# Supplied entries
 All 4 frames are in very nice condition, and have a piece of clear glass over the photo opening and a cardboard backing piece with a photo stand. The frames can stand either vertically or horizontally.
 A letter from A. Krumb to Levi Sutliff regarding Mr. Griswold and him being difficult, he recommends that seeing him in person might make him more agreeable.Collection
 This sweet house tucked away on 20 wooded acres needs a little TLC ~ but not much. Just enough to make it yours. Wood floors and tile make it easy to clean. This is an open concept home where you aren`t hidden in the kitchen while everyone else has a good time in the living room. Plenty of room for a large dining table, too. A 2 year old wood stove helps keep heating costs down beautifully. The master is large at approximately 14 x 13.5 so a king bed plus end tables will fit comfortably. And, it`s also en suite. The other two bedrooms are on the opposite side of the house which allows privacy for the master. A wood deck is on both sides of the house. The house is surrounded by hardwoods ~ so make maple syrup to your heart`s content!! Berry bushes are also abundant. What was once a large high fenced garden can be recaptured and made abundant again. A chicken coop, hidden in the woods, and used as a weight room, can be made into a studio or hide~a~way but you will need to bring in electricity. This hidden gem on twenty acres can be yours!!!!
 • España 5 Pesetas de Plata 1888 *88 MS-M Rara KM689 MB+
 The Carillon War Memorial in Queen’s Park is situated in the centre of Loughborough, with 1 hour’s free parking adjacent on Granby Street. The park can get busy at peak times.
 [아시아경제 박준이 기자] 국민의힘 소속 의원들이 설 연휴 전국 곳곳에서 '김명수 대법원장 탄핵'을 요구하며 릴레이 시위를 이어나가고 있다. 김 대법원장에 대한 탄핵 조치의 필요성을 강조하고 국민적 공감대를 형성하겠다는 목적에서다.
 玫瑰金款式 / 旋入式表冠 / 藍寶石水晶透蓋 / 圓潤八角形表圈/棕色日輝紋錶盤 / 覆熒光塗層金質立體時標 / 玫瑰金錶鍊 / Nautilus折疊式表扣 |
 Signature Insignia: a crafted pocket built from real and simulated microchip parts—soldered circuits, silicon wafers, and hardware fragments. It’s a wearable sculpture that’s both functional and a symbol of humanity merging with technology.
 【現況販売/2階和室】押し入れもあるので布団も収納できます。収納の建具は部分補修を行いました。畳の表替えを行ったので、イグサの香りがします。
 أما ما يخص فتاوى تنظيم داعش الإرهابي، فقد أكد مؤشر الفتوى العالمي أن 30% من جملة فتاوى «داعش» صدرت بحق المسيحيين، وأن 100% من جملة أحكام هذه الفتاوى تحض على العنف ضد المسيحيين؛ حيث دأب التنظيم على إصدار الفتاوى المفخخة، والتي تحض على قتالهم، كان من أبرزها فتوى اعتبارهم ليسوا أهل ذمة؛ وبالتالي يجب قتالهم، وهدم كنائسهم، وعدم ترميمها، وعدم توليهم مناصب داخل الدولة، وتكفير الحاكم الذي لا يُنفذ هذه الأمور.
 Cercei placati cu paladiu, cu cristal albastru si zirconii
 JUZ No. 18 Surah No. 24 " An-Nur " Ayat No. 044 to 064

# Task
For every record above, print an exact copy.

# Completed task
 All 4 frames are in very nice condition, and have a piece of clear glass over the photo opening and a cardboard backing piece with a photo stand. The frames can stand either vertically or horizontally.
 A letter from A. Krumb to Levi Sutliff regarding Mr. Griswold and him being difficult, he recommends that seeing him in person might make him more agreeable.Collection
 This sweet house tucked away on 20 wooded acres needs a little TLC ~ but not much. Just enough to make it yours. Wood floors and tile make it easy to clean. This is an open concept home where you aren`t hidden in the kitchen while everyone else has a good time in the living room. Plenty of room for a large dining table, too. A 2 year old wood stove helps keep heating costs down beautifully. The master is large at approximately 14 x 13.5 so a king bed plus end tables will fit comfortably. And, it`s also en suite. The other two bedrooms are on the opposite side of the house which allows privacy for the master. A wood deck is on both sides of the house. The house is surrounded by hardwoods ~ so make maple syrup to your heart`s content!! Berry bushes are also abundant. What was once a large high fenced garden can be recaptured and made abundant again. A chicken coop, hidden in the woods, and used as a weight room, can be made into a studio or hide~a~way but you will need to bring in electricity. This hidden gem on twenty acres can be yours!!!!
 • España 5 Pesetas de Plata 1888 *88 MS-M Rara KM689 MB+
 The Carillon War Memorial in Queen’s Park is situated in the centre of Loughborough, with 1 hour’s free parking adjacent on Granby Street. The park can get busy at peak times.
 [아시아경제 박준이 기자] 국민의힘 소속 의원들이 설 연휴 전국 곳곳에서 '김명수 대법원장 탄핵'을 요구하며 릴레이 시위를 이어나가고 있다. 김 대법원장에 대한 탄핵 조치의 필요성을 강조하고 국민적 공감대를 형성하겠다는 목적에서다.
 玫瑰金款式 / 旋入式表冠 / 藍寶石水晶透蓋 / 圓潤八角形表圈/棕色日輝紋錶盤 / 覆熒光塗層金質立體時標 / 玫瑰金錶鍊 / Nautilus折疊式表扣 |
 Signature Insignia: a crafted pocket built from real and simulated microchip parts—soldered circuits, silicon wafers, and hardware fragments. It’s a wearable sculpture that’s both functional and a symbol of humanity merging with technology.
 【現況販売/2階和室】押し入れもあるので布団も収納できます。収納の建具は部分補修を行いました。畳の表替えを行ったので、イグサの香りがします。
 أما ما يخص فتاوى تنظيم داعش الإرهابي، فقد أكد مؤشر الفتوى العالمي أن 30% من جملة فتاوى «داعش» صدرت بحق المسيحيين، وأن 100% من جملة أحكام هذه الفتاوى تحض على العنف ضد المسيحيين؛ حيث دأب التنظيم على إصدار الفتاوى المفخخة، والتي تحض على قتالهم، كان من أبرزها فتوى اعتبارهم ليسوا أهل ذمة؛ وبالتالي يجب قتالهم، وهدم كنائسهم، وعدم ترميمها، وعدم توليهم مناصب داخل الدولة، وتكفير الحاكم الذي لا يُنفذ هذه الأمور.
 Cercei placati cu paladiu, cu cristal albastru si zirconii
 JUZ No. 18 Surah No. 24 " An-Nur " Ayat No. 044 to 064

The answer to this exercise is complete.